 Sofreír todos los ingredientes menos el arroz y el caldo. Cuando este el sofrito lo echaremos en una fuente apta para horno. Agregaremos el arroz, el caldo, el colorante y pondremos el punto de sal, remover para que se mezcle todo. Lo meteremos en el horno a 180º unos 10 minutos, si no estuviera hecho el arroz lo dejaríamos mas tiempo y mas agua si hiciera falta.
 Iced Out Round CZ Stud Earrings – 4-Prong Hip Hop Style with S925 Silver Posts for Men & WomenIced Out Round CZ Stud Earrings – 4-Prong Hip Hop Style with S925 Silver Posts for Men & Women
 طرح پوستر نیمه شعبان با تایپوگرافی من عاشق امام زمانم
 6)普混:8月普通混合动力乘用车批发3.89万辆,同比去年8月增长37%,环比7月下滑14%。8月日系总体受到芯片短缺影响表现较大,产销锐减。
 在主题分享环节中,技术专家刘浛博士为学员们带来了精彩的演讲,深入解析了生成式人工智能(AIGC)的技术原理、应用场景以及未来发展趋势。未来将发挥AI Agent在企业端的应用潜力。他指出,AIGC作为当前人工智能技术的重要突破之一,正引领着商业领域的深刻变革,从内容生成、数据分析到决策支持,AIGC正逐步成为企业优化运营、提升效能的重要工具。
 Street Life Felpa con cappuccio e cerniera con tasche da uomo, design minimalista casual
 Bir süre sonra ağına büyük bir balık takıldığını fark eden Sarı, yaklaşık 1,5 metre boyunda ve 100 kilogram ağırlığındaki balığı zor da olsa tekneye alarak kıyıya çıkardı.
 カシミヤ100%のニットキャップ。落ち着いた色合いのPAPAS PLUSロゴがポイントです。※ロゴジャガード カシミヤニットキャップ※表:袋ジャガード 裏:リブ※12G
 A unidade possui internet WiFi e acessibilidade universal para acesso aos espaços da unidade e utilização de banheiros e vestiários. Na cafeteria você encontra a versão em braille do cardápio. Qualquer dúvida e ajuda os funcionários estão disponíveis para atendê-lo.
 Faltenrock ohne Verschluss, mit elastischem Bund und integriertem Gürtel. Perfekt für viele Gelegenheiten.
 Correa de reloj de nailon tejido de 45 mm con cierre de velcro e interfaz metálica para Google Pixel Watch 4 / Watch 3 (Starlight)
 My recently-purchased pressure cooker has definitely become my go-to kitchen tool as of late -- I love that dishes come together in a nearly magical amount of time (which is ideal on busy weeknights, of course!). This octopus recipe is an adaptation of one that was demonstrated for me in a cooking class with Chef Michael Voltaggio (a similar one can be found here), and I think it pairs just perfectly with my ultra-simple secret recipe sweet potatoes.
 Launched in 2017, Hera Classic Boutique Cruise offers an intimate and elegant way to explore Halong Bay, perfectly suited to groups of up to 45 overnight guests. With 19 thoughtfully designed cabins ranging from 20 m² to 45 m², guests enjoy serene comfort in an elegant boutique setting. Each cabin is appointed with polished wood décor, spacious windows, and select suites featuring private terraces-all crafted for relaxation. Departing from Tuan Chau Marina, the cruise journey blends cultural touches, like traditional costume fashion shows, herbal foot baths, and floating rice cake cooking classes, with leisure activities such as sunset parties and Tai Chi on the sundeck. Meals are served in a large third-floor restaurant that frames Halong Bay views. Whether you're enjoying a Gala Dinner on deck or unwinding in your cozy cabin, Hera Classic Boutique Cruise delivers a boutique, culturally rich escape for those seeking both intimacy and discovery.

» Assigned task:
Please reproduce each record precisely as written.

» Your response:
 Sofreír todos los ingredientes menos el arroz y el caldo. Cuando este el sofrito lo echaremos en una fuente apta para horno. Agregaremos el arroz, el caldo, el colorante y pondremos el punto de sal, remover para que se mezcle todo. Lo meteremos en el horno a 180º unos 10 minutos, si no estuviera hecho el arroz lo dejaríamos mas tiempo y mas agua si hiciera falta.
 Iced Out Round CZ Stud Earrings – 4-Prong Hip Hop Style with S925 Silver Posts for Men & WomenIced Out Round CZ Stud Earrings – 4-Prong Hip Hop Style with S925 Silver Posts for Men & Women
 طرح پوستر نیمه شعبان با تایپوگرافی من عاشق امام زمانم
 6)普混:8月普通混合动力乘用车批发3.89万辆,同比去年8月增长37%,环比7月下滑14%。8月日系总体受到芯片短缺影响表现较大,产销锐减。
 在主题分享环节中,技术专家刘浛博士为学员们带来了精彩的演讲,深入解析了生成式人工智能(AIGC)的技术原理、应用场景以及未来发展趋势。未来将发挥AI Agent在企业端的应用潜力。他指出,AIGC作为当前人工智能技术的重要突破之一,正引领着商业领域的深刻变革,从内容生成、数据分析到决策支持,AIGC正逐步成为企业优化运营、提升效能的重要工具。
 Street Life Felpa con cappuccio e cerniera con tasche da uomo, design minimalista casual
 Bir süre sonra ağına büyük bir balık takıldığını fark eden Sarı, yaklaşık 1,5 metre boyunda ve 100 kilogram ağırlığındaki balığı zor da olsa tekneye alarak kıyıya çıkardı.
 カシミヤ100%のニットキャップ。落ち着いた色合いのPAPAS PLUSロゴがポイントです。※ロゴジャガード カシミヤニットキャップ※表:袋ジャガード 裏:リブ※12G
 A unidade possui internet WiFi e acessibilidade universal para acesso aos espaços da unidade e utilização de banheiros e vestiários. Na cafeteria você encontra a versão em braille do cardápio. Qualquer dúvida e ajuda os funcionários estão disponíveis para atendê-lo.
 Faltenrock ohne Verschluss, mit elastischem Bund und integriertem Gürtel. Perfekt für viele Gelegenheiten.
 Correa de reloj de nailon tejido de 45 mm con cierre de velcro e interfaz metálica para Google Pixel Watch 4 / Watch 3 (Starlight)
 My recently-purchased pressure cooker has definitely become my go-to kitchen tool as of late -- I love that dishes come together in a nearly magical amount of time (which is ideal on busy weeknights, of course!). This octopus recipe is an adaptation of one that was demonstrated for me in a cooking class with Chef Michael Voltaggio (a similar one can be found here), and I think it pairs just perfectly with my ultra-simple secret recipe sweet potatoes.
 Launched in 2017, Hera Classic Boutique Cruise offers an intimate and elegant way to explore Halong Bay, perfectly suited to groups of up to 45 overnight guests. With 19 thoughtfully designed cabins ranging from 20 m² to 45 m², guests enjoy serene comfort in an elegant boutique setting. Each cabin is appointed with polished wood décor, spacious windows, and select suites featuring private terraces-all crafted for relaxation. Departing from Tuan Chau Marina, the cruise journey blends cultural touches, like traditional costume fashion shows, herbal foot baths, and floating rice cake cooking classes, with leisure activities such as sunset parties and Tai Chi on the sundeck. Meals are served in a large third-floor restaurant that frames Halong Bay views. Whether you're enjoying a Gala Dinner on deck or unwinding in your cozy cabin, Hera Classic Boutique Cruise delivers a boutique, culturally rich escape for those seeking both intimacy and discovery.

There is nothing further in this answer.